Moreover, research studies conducted in the area of the prevention of cognitive decline include other noninvasive intervention approaches such as physical activities, adherence to the Mediterranean diet, Chinese herbal medicine, playing a musical instrument, and learning a new foreign language.36–44 Most preferably, these activities, including the use of the computer, ie, the Internet, should be done simultaneously. Anderson-Hanley et al45 stated that there is a much bigger potential for the delay of cognitive decline if, for example, cognitive and physical exercises are performed at the same time. They can also have positive effects on psychic problems such as mood improvement, removal of agitation or anxiety, and strengthening of overall fitness.46,47
Conclusion
The findings of the reviewed research studies suggest that the use of the Internet, especially online cognitive training programs, might have a positive effect on the improvement of cognitive functions in healthy older adults.
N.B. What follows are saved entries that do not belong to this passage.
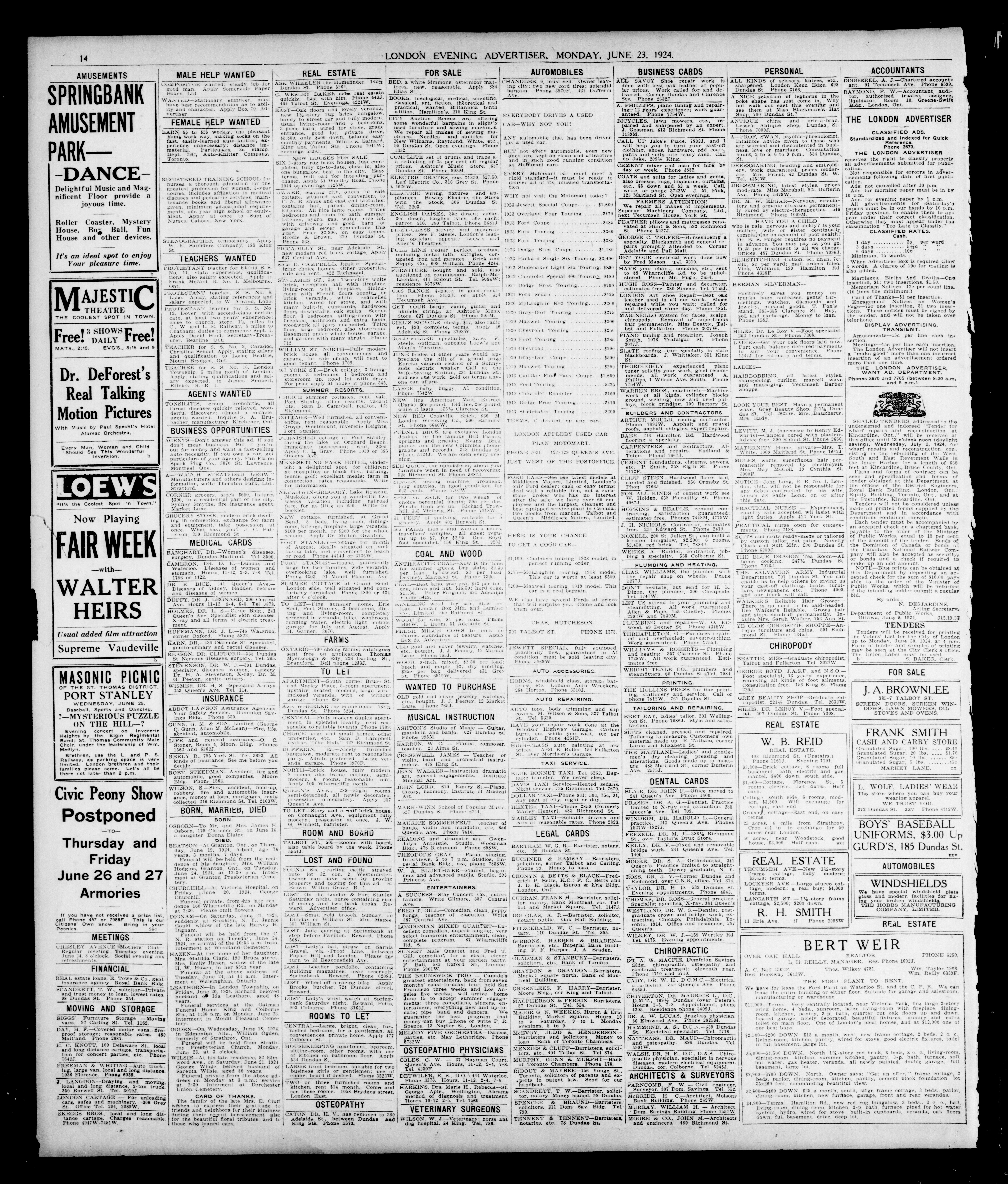 London Evening Advertiser. : London evening advertiser : 61st Year, No. 23996 (June 23, 1924)
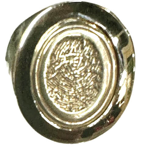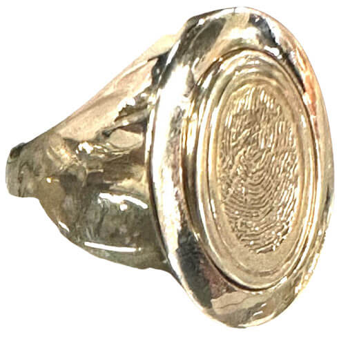 This exquisite 14K yellow gold thumbprint ring is a true celebration of personal connection and timeless beauty. Expertly handcrafted, it preserves the distinct fingerprint of its owner, turning an intimate detail into an elegant work of art.
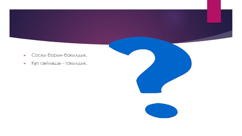 Соскы борын-бакылдык,Күп сөйләшә – такылдык.
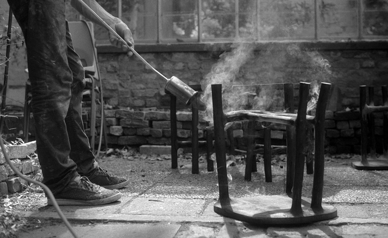 The pieces are burned and treated with wax, after which the top is sanded, polished and treated with oil
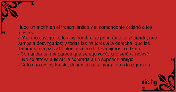 -¡ Y como castigo, todos los hombre se pondrán a la izquierda, que vamos a desvirgarlos; y todas las mujeres a la derecha, que les daremos una paliza! Entonces uno de los viajeros exclamó:
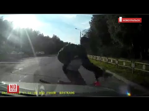 Автомобиль сбивает велосипедиста
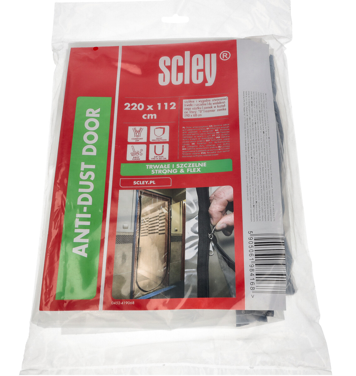 Kurtyna przeciwpyłowa z zamkiem U Scley to foliowe drzwi, które skutecznie zabezpieczają inne pomieszczenia przed pyłem podczas prac remontowych. Transparentna, trwała folia oraz szybki montaż na taśmę zapewniają wygodę i możliwość ponownego użycia.
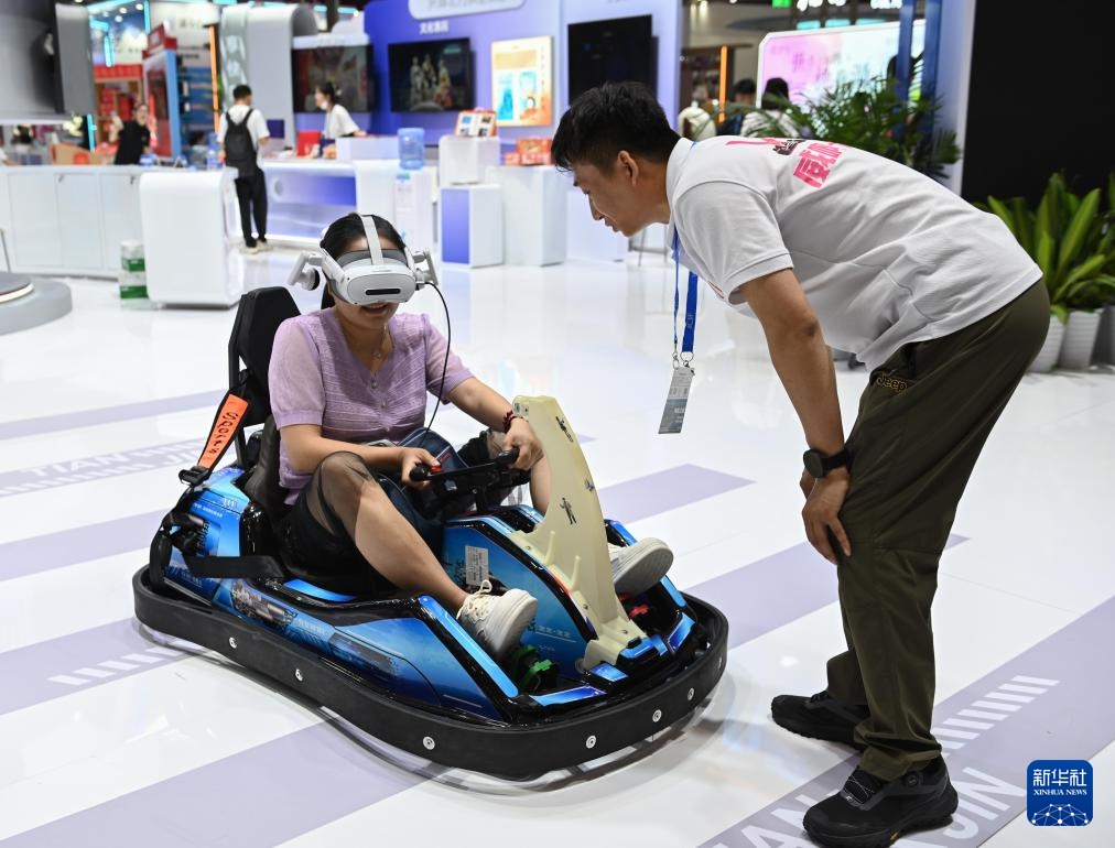 5月22日,观众在文博会天津展区体验卡丁车。新华社记者 肖恩楠 摄
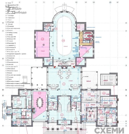 На цокольному поверсі – кімната для покоївок та чоловічий і жіночий житлові блоки. Тут же – складські приміщення: для шуб, для картин, для килимів, для валіз, для скатертин, окремий гардероб для суконь. Також є зона відпочинку: гідромасажна, масажна, сольова кімната, зона гідромасажних ванн з приміткою «узгоджується із замовником» і технічна зона. Є окрема кімната площею 28 квадратних метрів, підписана як «склад ялинкових іграшок».
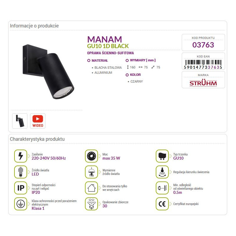 Lampa kinkiet ścienny MANAM 1D czarny 1xGU10 03763 STRUHM

In addition, the use of the Internet, including online cognitive training programs, seems to be beneficial in several ways: it is a noninvasive, in many cases, personalized intervention, and cost-effective in the sense of widespread dissemination and reduction of administration and treatment costs.48–50 Nevertheless, more randomized controlled clinical trials should be conducted to establish conclusive efficacy of these intervention approaches such as the use of the Internet and online cognitive training programs in the prevention and delay of cognitive decline among healthy older individuals.
The limitations of this review study consist in the lack of available clinical studies on the research issue and different methodologies of the included publications. This might result in the overestimated effects of the use of the Internet in the prevention of cognitive decline, which can consequently have a negative impact on the validity of these reviewed studies.51,52
Acknowledgments
The study was supported by the project Excellence (2016/17) at the Faculty of Informatics and Management of the University of Hradec Kralove, Czech Republic.
Footnotes
Disclosure
The authors report no conflicts of interest in this work.